==== Dataset records ====
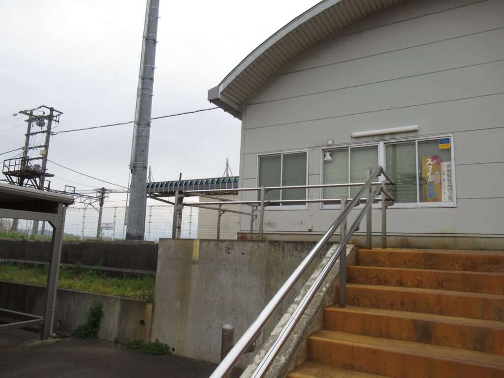 信越本線の押切駅でございます。複線電化区間にある単式島式複合型の2面3線、いわゆる国鉄型配線だったうちの中線を廃止した、単式2面2線の地上駅で、平屋の駅舎がある無人駅となっております。ホーム間は上屋付きの跨線橋で連絡しております。
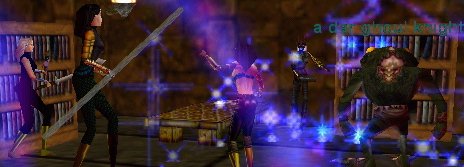| さすがにMikoさん強いです。Tamyは味噌とAugを配って、あとは、Hateが上がらないように気をつけながら、形ばかりのSVM下げとSlowを入れて、ぬくぬくしていました。 と・・・ところが・・Bat君1羽と戦闘中に、Miko3が突然画面上から消えてしまいました。あら???。Bat君、しばしひとりでぎゃぎゃー騒いでいましたが、はたとTamyの方に向きを変え、ズンズン近づいてきます。MikoさんLDの模様。うはは、やばめ〜!、しかし、Bat君のHPはあと2bbl程。う、何とか行けるか・・・・Mez&DDを繰り返す覚悟で臨戦態勢を取ったその時! |
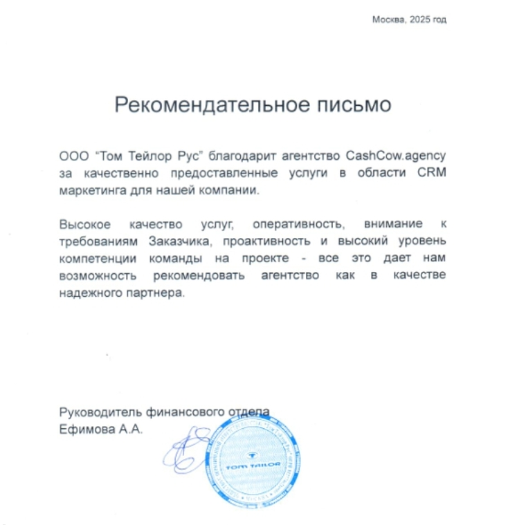 CashCow.agency — омниканальное агентство CRM-маркетинга. Управляем лояльностью и поведением ваших клиентов через все доступные каналы связи. Наша задача — превратить разовые покупки в долгосрочные отношения и предсказуемый рост дохода с одного клиента.
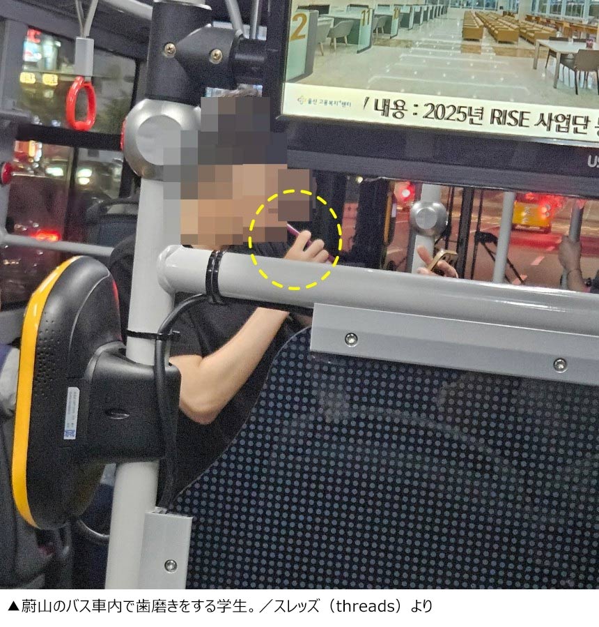周りの乗客に注意されても完全無視、バス車内で歯磨きを続ける男子学生に批判殺到 /蔚山(2/2)
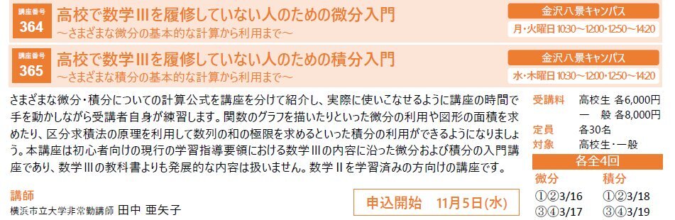 📢2025年度後期高校生向け講座をご紹介📢「高校で数IIIを履修していない人のための微分入門・積分入門」申込受付中‼️👉 ssl.smart-academy.net/ycu/course/det… ssl.smart-academy.net/ycu/course/det… 数学IIを学習済みの方向けで、大学入学前に基本を確認できます。 先着順‼️ #横浜市立大学 #エクステンション講座 #YCU pic.x.com/dxGq1ccL2v
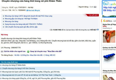 Những mẩu tin rao vặt chuyển nhượng cửa hàng cũng xuất hiện dày đặc trên các
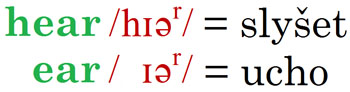 Občas sloveso hear chybně vyslovují i pokročilejší studenti, což už je na pováženou. Inu, co se člověk špatně naučí v základech, dlouho se toho později zbavuje. Také si všimněte podobnosti slovíček ‘slyšet’ a ‘ucho’, která ve správné výslovnosti může pomoci:
====
__Exercise objective__: All that is needed is an exact copy of the lines from the top of the entries through the line containing "Những mẩu tin", pictures left out.

__Solution to this problem__:
 信越本線の押切駅でございます。複線電化区間にある単式島式複合型の2面3線、いわゆる国鉄型配線だったうちの中線を廃止した、単式2面2線の地上駅で、平屋の駅舎がある無人駅となっております。ホーム間は上屋付きの跨線橋で連絡しております。
| さすがにMikoさん強いです。Tamyは味噌とAugを配って、あとは、Hateが上がらないように気をつけながら、形ばかりのSVM下げとSlowを入れて、ぬくぬくしていました。 と・・・ところが・・Bat君1羽と戦闘中に、Miko3が突然画面上から消えてしまいました。あら???。Bat君、しばしひとりでぎゃぎゃー騒いでいましたが、はたとTamyの方に向きを変え、ズンズン近づいてきます。MikoさんLDの模様。うはは、やばめ〜!、しかし、Bat君のHPはあと2bbl程。う、何とか行けるか・・・・Mez&DDを繰り返す覚悟で臨戦態勢を取ったその時! |
 CashCow.agency — омниканальное агентство CRM-маркетинга. Управляем лояльностью и поведением ваших клиентов через все доступные каналы связи. Наша задача — превратить разовые покупки в долгосрочные отношения и предсказуемый рост дохода с одного клиента.
周りの乗客に注意されても完全無視、バス車内で歯磨きを続ける男子学生に批判殺到 /蔚山(2/2)
 📢2025年度後期高校生向け講座をご紹介📢「高校で数IIIを履修していない人のための微分入門・積分入門」申込受付中‼️👉 ssl.smart-academy.net/ycu/course/det… ssl.smart-academy.net/ycu/course/det… 数学IIを学習済みの方向けで、大学入学前に基本を確認できます。 先着順‼️ #横浜市立大学 #エクステンション講座 #YCU pic.x.com/dxGq1ccL2v
 Những mẩu tin rao vặt chuyển nhượng cửa hàng cũng xuất hiện dày đặc trên các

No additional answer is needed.